Good lord my wife and I go around on this several times a year and every single time I point out that I will happily trade work loads with her. 

Just follow me around and match me one to one for a single day and I will happily do your home jobs for a week on top of my own. 

Never once has she followed up on it.


----------



## turnera (Jan 22, 2010)

Have you ever given your wife a day off of these 'home jobs?'


----------



## married tech (Jan 18, 2014)

Every day that she has given me a day off from my home duties! 

So no not really. 

That's the down side to declaring that you want to live as equals in a relationship. The other person just might hold you to that request. 

BTW I just spent half my day putting a whole new ceiling in our bathroom because I had some unused panels and ceiling track pieces laying around from a previous ceiling job we did a while ago and I didn't feel like working outside in the cold today. 

What does that buy me?


----------



## DTO (Dec 18, 2011)

married tech said:


> That's the down side to declaring that you want to live as equals in a relationship. The other person just might hold you to that request.


That's exactly true. There are people (both genders, but more women) that expect to receive more from their partners than they give back.


----------



## married tech (Jan 18, 2014)

Well my wife came home and saw the new bathroom ceiling plus I even took the whole exhaust fan assy out rebuilt it, stripped all the old paint and rust off the cover and repainted it in high gloss black.
(Dang nice looking ceiling now!) 

All she did was cry when she saw it so I am thinking I may take it all out put it all back to how it used to be tomorrow.


----------



## turnera (Jan 22, 2010)

Cried good or cried bad?

What I meant was, does she ever get to turn off being mom/wife/housekeeper, even for just a day? Trust me, it can do wonders for a marriage (and sex life), letting her do that now and then by you taking over and sending her somewhere or you taking the kids off her.


----------



## married tech (Jan 18, 2014)

Good cry! 
Yea she liked the new bathroom ceiling. In fact if I got to town tomorrow I am supposed to go and find a new vanity light. 

Good thing she was not home though I had to strip some hardwood slats off of a shipping pallet to make new braces for the vent fan and re enforce bad spots in two places. 

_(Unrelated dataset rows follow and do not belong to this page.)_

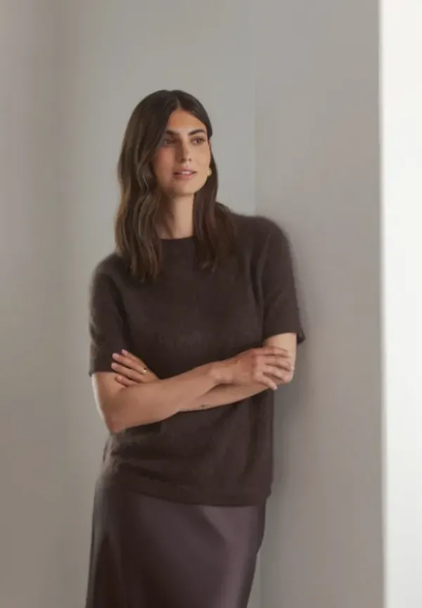 Lyhythihaisessa cashmereneuleessa yhdistyvät ylellisyys ja mukavuus. Klassinen O-pääntie, raglanhihojen istuvuus ja suora malli mukautuvat erinomaisesti monen kokoisille ja -muotoisille vartaloille. Kapeat käänteet hihansuissa ja helmassa viimeistelevät ilmeen. Pehmeä, harjattu cashmere tuntuu erityisen miellyttävältä iholla ja sopii täydellisesti niin arkeen kuin juhlavampiin tilaisuuksiin.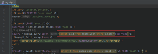 在reg.php这个文件中,第9行处对`$username`这个参数进行了查询拼接,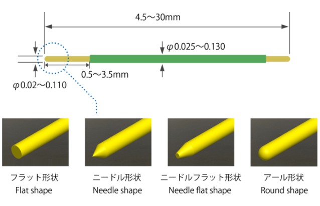 同社は、タングステンを精密に加工する独自の技術を持っており、様々な形状やサイズのニードルプローブに対応できます。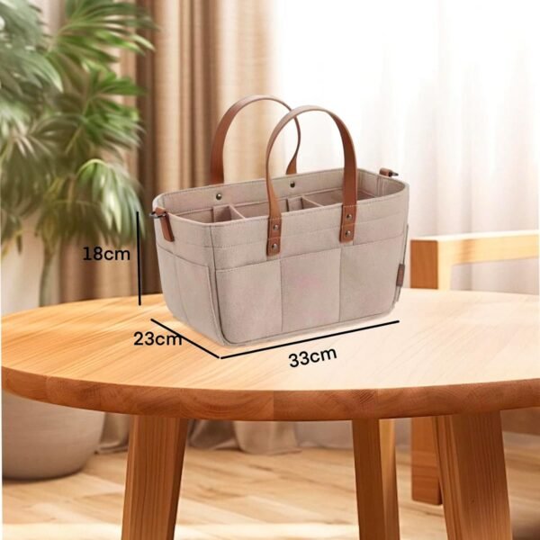 Equipped with two removable dividers, this felt caddy adapts to your storage needs. Whether you’re at home or on the go, its multi-compartment layout keeps items neatly organized and easily accessible. Crafted from high-quality felt, it maintains a sturdy structure, while the exquisite leather handles add durability and style.

As far as the other parts no not that I am aware of. If anything when discussing such things I get met with a considerable resistance! 
Especially if she feels her mother status may be threatened.

Housekeeper wise I am on a very short leash with what I am allowed to do as well so I don't push that one either. She has her set way she wants things and it's been well proven she does not like my way of doing or not doing things. 

Wife wise? Whats that?


----------



## turnera (Jan 22, 2010)

Sounds like acts of service might be one of her top ENs. Or maybe whatever you would call 'keeping the house in good shape.' I was just thinking last night about how my husband hung up a thick curtain in our cold bathroom two years ago - that I bought 12 years ago and have been asking him to hang every year since. And he only hung it up after I told him if things didn't change, I was leaving him. 

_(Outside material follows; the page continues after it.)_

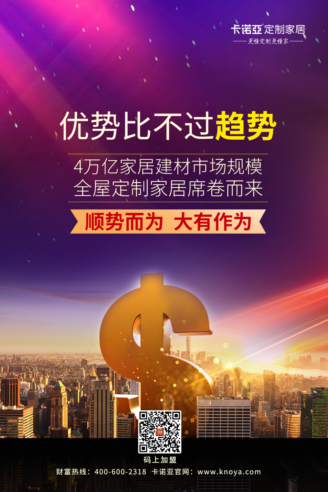 跟上時(shí)代趨勢,對創(chuàng)業(yè)者而言就是“選對一個(gè)行業(yè),成就一種高度”;發(fā)揮個(gè)人優(yōu)勢,就是眾所周知的“選對一個(gè)品牌,成就一生事業(yè)”。7月8-11日到廣州建博會(huì)卡諾亞展位A區(qū)4.2-20,選更懂定制更賺錢的“卡諾亞”, 趨勢+優(yōu)勢兼得,看大牌、做大商,就等你來。

When one thing isn't taken care of, it tends to creep up the list of top ENs.


----------



## married tech (Jan 18, 2014)

> I was just thinking last night about how my husband hung up a thick curtain in our cold bathroom two years ago - that I bought 12 years ago and have been asking him to hang every year since. And he only hung it up after I told him if things didn't change, I was leaving him.



Now I have to ask. Why didn't you hang it up yourself? 

Its not like those things are hard to put up unless you have some sort of moderate physical disability. 

In 12 years I would think that you could have taken the initiative at some point to figure out how to use the tools to do it yourself.

Maybe one of his emotional needs it to have a wife who can do basic repair work herself. I know it makes me a happy when my wife puts a little bit of effort into learning how to use one of my work tools or machines. 

Just asking.


----------



## turnera (Jan 22, 2010)

I tried hanging up the one in the dining room. It is literally hanging there by a thread, and any huge movement or tug on the drapes is going to have it crashing, holes in the wall and all. I just am.not.good at that stuff. I THINK I am, I tell myself, it's just a freakin' bolt, and then bam! Trust me, I've tried and tried. Most things I do, he ends up having to redo, and we have even more issues.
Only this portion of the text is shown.